Photo Courtesy of Kenny Nichol

OCCUPANCY ISSUES

  1. The basement would not heat and cool properly. Thermostats were found to be wired incorrectly. Rewired. Energy use then dropped significantly.
  2. During high, cold winds main floor high-velocity downdraft kitchen vent was found to permit blowback into the house. The vent was sealed more tightly, metal window wells erected around the lip of exhaust vent to protect the vent opening from direct wind flow. Airflow was reduced but not eliminated during high winds from the south.
  3. Solarium double glazed Low-E roof glass and natural cooling by opening windows and slider door prevented over-heating up to the upper 80s. Anything over 90 degrees (occurred on 2 days in 2017 and are rare in this part of WA) overloaded natural venting. The owners decided to install awning type external shading over solarium roof or interior ceiling shades. They also planted deciduous trees to cool the eastern, western and southern section of the house and the solarium during summer.
  4. The water pump used to pressurize the sprinkler and fresh water system is very loud. Installing a solid core exterior door to the mechanical room and closing up future dumbwaiter shaft at both ends (basement shaft opening had been left unsealed) has greatly dampened the sound.
  5. Glendon septic system has experienced some groundwater penetration in risers, triggering the high water alarm. This was addressed by resealing the joints of the main tank access risers.

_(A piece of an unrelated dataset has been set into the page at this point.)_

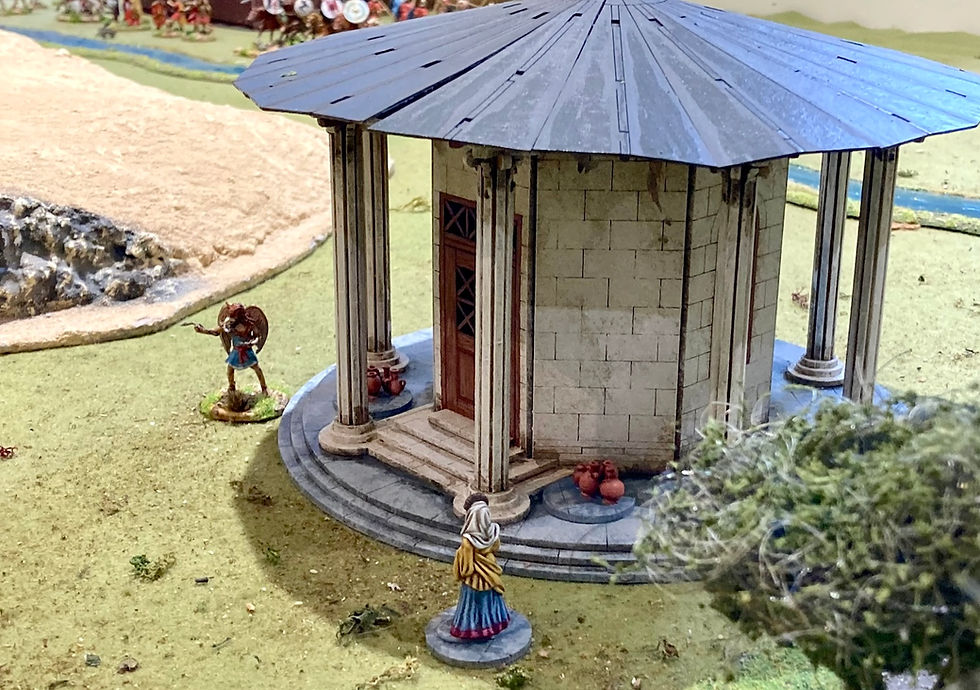 In the centre, Prince Larth’s Etruscan Hoplites have formed ‘phalanx’ to meet the Roman advance and to defend the temple.

BUILDING COMMISSIONING, START UP, AND OPTIMIZATION

Thermostats in basement cross-wired. Optimized by repair. Cold rooms are now cold while media room and canning kitchen can be heated if needed. Only media room in basement needs heating during the depth of winter if there has been no sunshine, and only during use, which is usually only in the evening. When winter sunshine is available, room with solarium is opened and the media room is heated naturally.

See above for occupancy issues. Challenges of wireless service. Concrete floors complicated wifi service to all areas of the house. This was addressed when better wifi routers came onto market. A three router system with 3 channels, one backchannel for communication among routers and one 2.4mhz and one 5.6mhz for connected devices, with one router on each floor spaced from north to south ends of the house has solved the problem.

REGULATORY ISSUES

Whatcom County Health Dept. required a Glendon septic system and at first required that it be sited approximately where the owners first sought to build the house. After some discussion of alternatives, the system was moved about 200 feet further away, and the HD required the installation of a curtain drain in addition. The Glendon system is a patented, mechanically driven system. This added significantly to the cost of a more standard septic system. Pumping water over to the mounds adds to energy use as well.

Whatcom County Fire Department required the owners to put a fire truck turn around (20 feet wide) between house and workshop and required 50 feet of clearance between turn around and each building. This necessitated moving the house from the planned site, farther from the power transformer and solar array, thus requiring more wire and conduit for services, extending the driveway about 50 feet further than planned, and requiring more fill for the garage as the elevations shifted from the previously planned siting.

Photo Courtesy of Kenny Nichol

ENERGY RELATED BUILDING COMPONENT SUGGESTIONS

Higher capacity, more affordable battery backup systems for the electric supply. The antiquated US power distribution system has failed six times in the past 12 months.  The current best, most affordable system at least, in theory, is the PowerWall 2 Tesla system, but even now at the beginning of 2018 there is a long waiting period before it becomes available and even then it would cost approximately twice to three times as much as available diesel generator backup systems.

(4PowerWall 2 batteries estimated for minimal sufficiency.)

LESSONS LEARNED

The Phase Change Material worked far better than expected and the owners would install it in all ceilings and in all south and west facing walls.